The municipality of Tlajomulco, run by the liberal Citizen’s Movement, has the most transparent government in all of Mexico, according to the latest study by non-governmental organization Citizens for Transparent Municipalities (Cimtra).

The Tlajomulco government became the first to receive a perfect score of 100 in the assessment conducted in May, up from 94.4 in last year’s ranking, in which it was also judged the most transparent in the country. Transparency is considered one of the most necessary and effective means of fighting the corruption that pervades many aspects of society and significantly undermines democracy in Mexico.

“Being the most transparent municipality in Mexico is not a matter of resources; it is a matter of will. We reaffirm our commitment to the citizens,” Tlajomulco Mayor Isamel del Toro wrote on Twitter.

The Guadalajara metropolitan area proved the most transparent in Mexico, with Zapopan ranked second with a score of 96.1, Guadalajara ranked fourth with 83.8 and Tlaquepaque fifth with 73.3. The border city of Ciudad Juarez, until recently the most dangerous place in Mexico, was ranked the third most transparent municipality.

Despite being the most indebted municipality in all of Mexico, Guadalajara’s score has risen by 8.4 points since the 2012 evaluation. Tonala let the metropolitan area down, failing the evaluation with a low grade of just 32 points, while nearby El Salto received only 15 points – the worst rating in Mexico. Elsewhere in Jalisco, Chapala and Zapotlanejo also failed the evaluation, while Tamazula’s rating plummeted from 77.2 to a lowly 18.

Cimtra has been evaluating transparency in the most populous municipalities across Mexico since 2008. Nine municipalities, representing 61 percent of the state population, were evaluated in Jalisco this year. However, many of those not evaluated have much worse transparency records than the more populous municipalities that comprise the metropolitan area.

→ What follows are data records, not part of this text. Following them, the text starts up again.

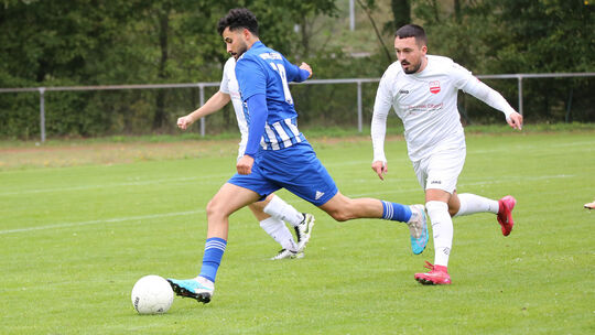 Das 1:0 für den FC Bavaria Ebernburg: Tamim Sediqi (blaues Trikot) zieht ab. Der TSV Hargesheim gleicht später noch aus. Edgar Daudistel
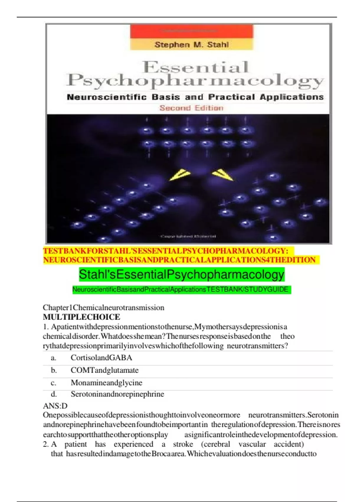 TESTBANKFORSTAHL'SESSENTIALPSYCHOPHARMACOLOGY:
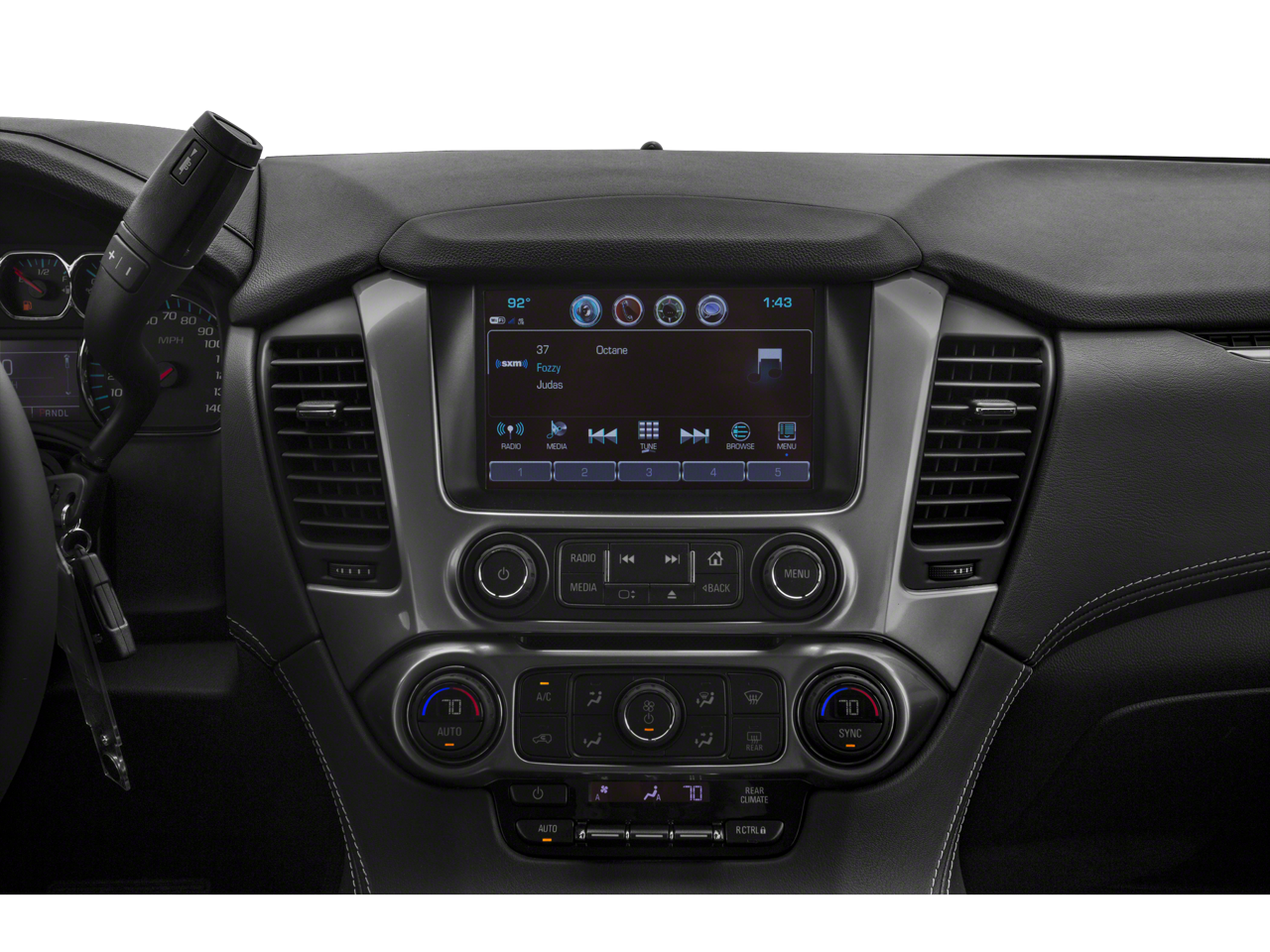 (CF5) power sunroof, (U42) rear seat DVD entertainment system and (IO6) 8 diagonal color touch-screen Navigation with Chevrolet Infotainment, with chrome inserts, with remote control, overhead display, Wi-Fi wireless projection capability, two 2-channel wireless digital headphones, auxiliary HDMI/MHL audio/video input and 2 USB ports, SEATS, SECOND ROW BUCKET, MANUAL, AM/FM stereo with seek-and-scan and digital clock, includes Bluetooth® streaming audio for music and select phones; voice-activated technology for radio and phone; and Shop with the ability to browse, select and install apps to your vehicle. You can customize your content with audio, weather and more; featuring Apple CarPlay® and Android Auto® capability for compatible phone; 5 USB ports and 1 auxiliary jack, includes aluminum block construction (355 hp [265 kW] @ 5600 rpm, 383 lb-ft of torque [518 N-m] @ 4100 rpm) (STD), with overdrive and tow/haul mode (STD).

A study by former National Action Party (PAN) deputy Gustavo Gonzalez Hernandez showed that 36 of Jalisco’s 125 municipalities are violating the Public Information Act by not publishing certain information on their websites. Since 2005, all municipal governments are required by law to publish information including their annual budgets, salaries and travel expenses, but few in Jalisco fully comply, with the least transparent typically being the smallest municipalities with the lowest budgets.